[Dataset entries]
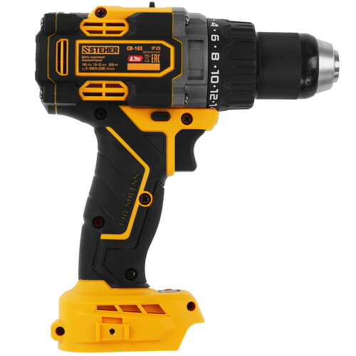 Бесщеточная дрель-шуруповерт STEHER системы LMS с максимальным крутящим моментом 165 Нм предназначена для работы с самым крупным крепежом (саморезы до 12 мм диаметром) и сверления отверстий до 40 мм в дереве. Встроенная защита от обратного удара предотвращает повреждение кисти при резкой блокировке вала Для сверления отверстий в различных материалах (при установке соответствующих сверл), закручивания/откручивания резьбовых соединений (при установке соответствующих бит),перемешивания ЛКМ (при установке соответствующих насадок)
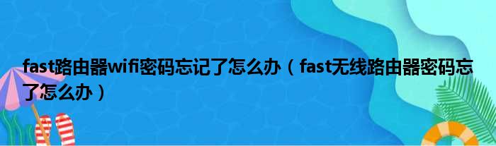 fast路由器wifi密码忘记了怎么办(fast无线路由器密码忘了怎么办)
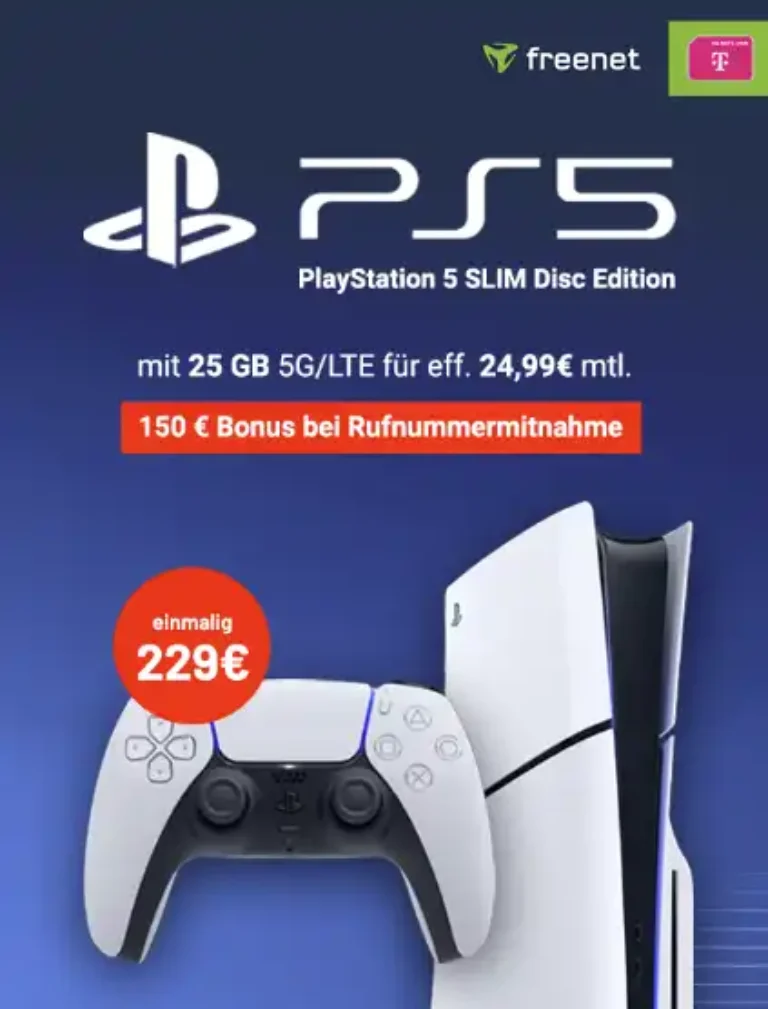 PS5 Slim für 229 € mit 25 GB Telekom Vertrag ab eff. 6,62 €
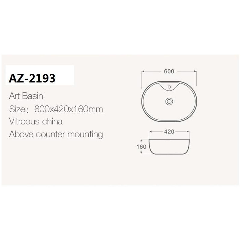 Раковина накладная Azario Orleans 60x16x42 белая (AZ-2193)
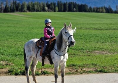 - Altersbeschränkungen: Das Mindestalter für das Reiten liegt bei 5 Jahren (an der Hand geführt). Das Mindestalter für das selbstständige Reiten beträgt 10 Jahre, je nach Reiterfahrung und Fähigkeit kann dies in Ausnahmefällen herabgesenkt werden.
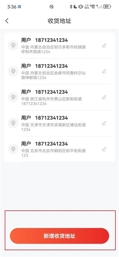 3、 在收货地址页面底部,点击橙色"新增收货地址"按钮,进入新增地址页面;

**What you should do:**
Leaving out the pictures, return exactly the lines from the one that contains "- Altersbeschränkungen: Das" through the last line of the records above, inclusive.

**Solved exercise:**
 - Altersbeschränkungen: Das Mindestalter für das Reiten liegt bei 5 Jahren (an der Hand geführt). Das Mindestalter für das selbstständige Reiten beträgt 10 Jahre, je nach Reiterfahrung und Fähigkeit kann dies in Ausnahmefällen herabgesenkt werden.
 3、 在收货地址页面底部,点击橙色"新增收货地址"按钮,进入新增地址页面;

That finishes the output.